*** Opening Data for this exercise ***

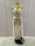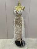Sexy Mesh See Through Flowers Backless Long Dress 2025 Women Elegant Party Wedding Celebrate Evening Gown Prom Hotwife Outfit
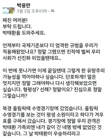 평소 스포츠매니아로 알려진 박 회장은 지난 3일 "언제부터 국제 기준보다 더 엄격한 규범을 우리가 적용했느냐"며 "정말 그랬으면 진작에 벌써 우리 사회가 선진화 됐을 것"이라는 사견을 페이스북에 올렸다.
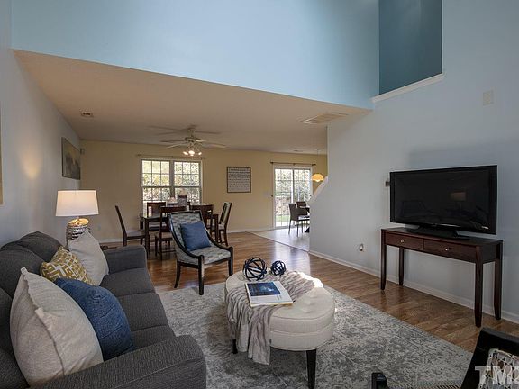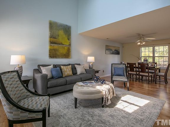 Bright and beautiful home centrally located near shopping centers, RDU airport and restaurants. Four sizable bedrooms, soaring ceiling in the living room, patio right off the kitchen perfect for grilling and gathering. 2-car garage with ample room for storage. Beautiful flowering plants at the back of the house. New floors in the living/ dining area. New paint in bedrooms. Newer heat pumps with a regular maintenance contract. A few steps to the community pool. What a great place to call home!
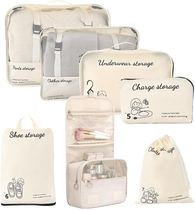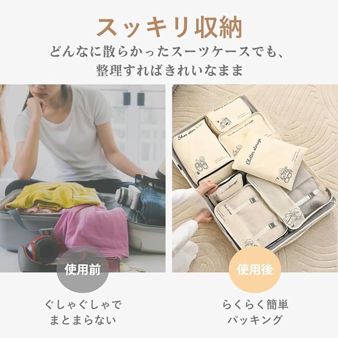 【クリエイティブなプリントデザイン】各収納袋にはユニークなプリントデザインが施されており、中身を一目で区別できるため、探し物で袋を何度も開ける手間が省けます。
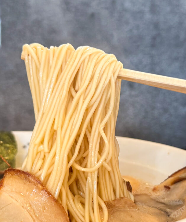 ストレートの細麺です。スープとしっかり絡みます。とても食べやすい一杯なので、お子様もおいしく味わえると思います。
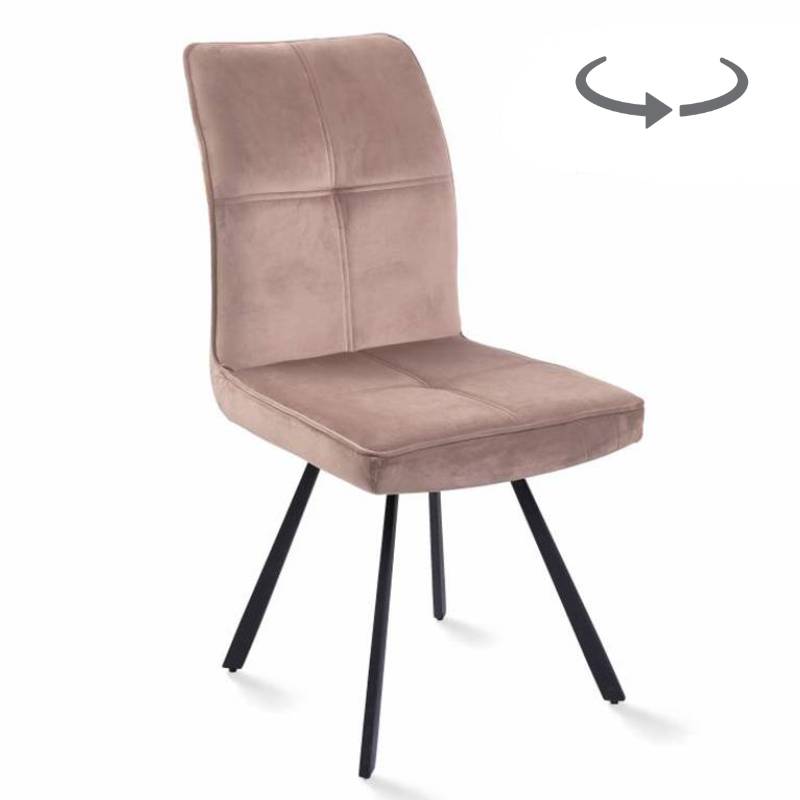 Valgomojo kėdė su juodai dažytomis metalinėmis kojelėmis ir veliūru apmušta sėdimąja dalimi. Ši kėdė turi sukimosi funkciją - iki 180° su grįžtamuoju mechanizmu. Tai taip pat galima naudoti kaip rašomojo stalo kėdę.
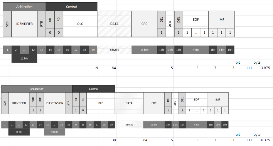 2.0A 표준 , 2.0B 확장 프레임 2종류가 있는데, 전송 데이터 8byte 기준 1ms 당 전송 횟수는 하기와 같음 data 8byte (64bit) Mbps bps byte 1ms byte Cnt ext. frame (2.0B) std. frame (2.0A) 1 1000000 125000 125 7.668711656 9.057971014 0.5 500000 62500 62.5 3.834355828 4.528985507 0.25 250000 31250 31.25 1.917177914 2.264492754 0.125 125000 15625 15.625 0.958588957 1.132246377 1Mbps 기준, 1ms 에 ext. 기준 7.6회 전송할수 있음. 기타 여러 조건 감안하여 7회 라고 봐..
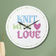 Cosy up your crafting space with this charming wall clock featuring the phrase “Knit with Love” in a pink yarn-style stitch effect on a bold black background. Perfect for knitters, crocheters, or anyone who loves handmade creations, this clock adds a warm, personal touch to any studio, living room, or craft corner. Its modern contrast and textured design make it both eye-catching and heartfelt — a perfect gift for yarn lovers!
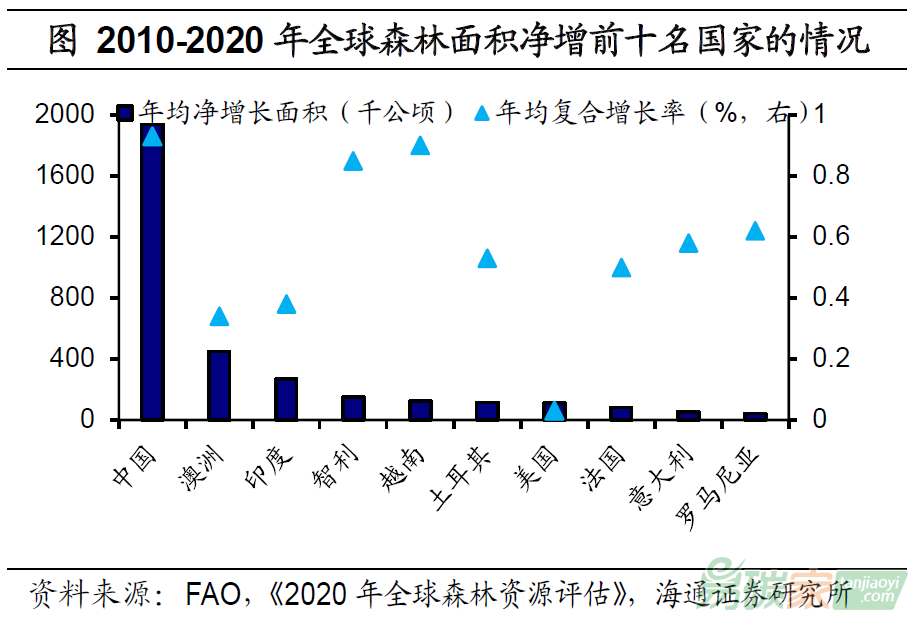如何增強生態(tài)碳匯強度?關鍵在于提升國土綠化面積。近年來,中國的綠化取得了顯著的進展。從全球范圍看,10年至20年中國森林面積年均凈增193.7萬公頃,位居全球首位,是緊隨其后的澳洲和印度的4.3倍和7.3倍。而從增速看,中國也以0.93%的年均復合增長率遙遙領先。

*** Closing Data for this exercise ***

* Assigned task: The copy starts at the line holding "2.0A 표준 , 2.0B" and ends at the last line of the records above. Transcribe those lines exactly, pictures excluded.

* Completed exercise:
 2.0A 표준 , 2.0B 확장 프레임 2종류가 있는데, 전송 데이터 8byte 기준 1ms 당 전송 횟수는 하기와 같음 data 8byte (64bit) Mbps bps byte 1ms byte Cnt ext. frame (2.0B) std. frame (2.0A) 1 1000000 125000 125 7.668711656 9.057971014 0.5 500000 62500 62.5 3.834355828 4.528985507 0.25 250000 31250 31.25 1.917177914 2.264492754 0.125 125000 15625 15.625 0.958588957 1.132246377 1Mbps 기준, 1ms 에 ext. 기준 7.6회 전송할수 있음. 기타 여러 조건 감안하여 7회 라고 봐..
 Cosy up your crafting space with this charming wall clock featuring the phrase “Knit with Love” in a pink yarn-style stitch effect on a bold black background. Perfect for knitters, crocheters, or anyone who loves handmade creations, this clock adds a warm, personal touch to any studio, living room, or craft corner. Its modern contrast and textured design make it both eye-catching and heartfelt — a perfect gift for yarn lovers!
如何增強生態(tài)碳匯強度?關鍵在于提升國土綠化面積。近年來,中國的綠化取得了顯著的進展。從全球范圍看,10年至20年中國森林面積年均凈增193.7萬公頃,位居全球首位,是緊隨其后的澳洲和印度的4.3倍和7.3倍。而從增速看,中國也以0.93%的年均復合增長率遙遙領先。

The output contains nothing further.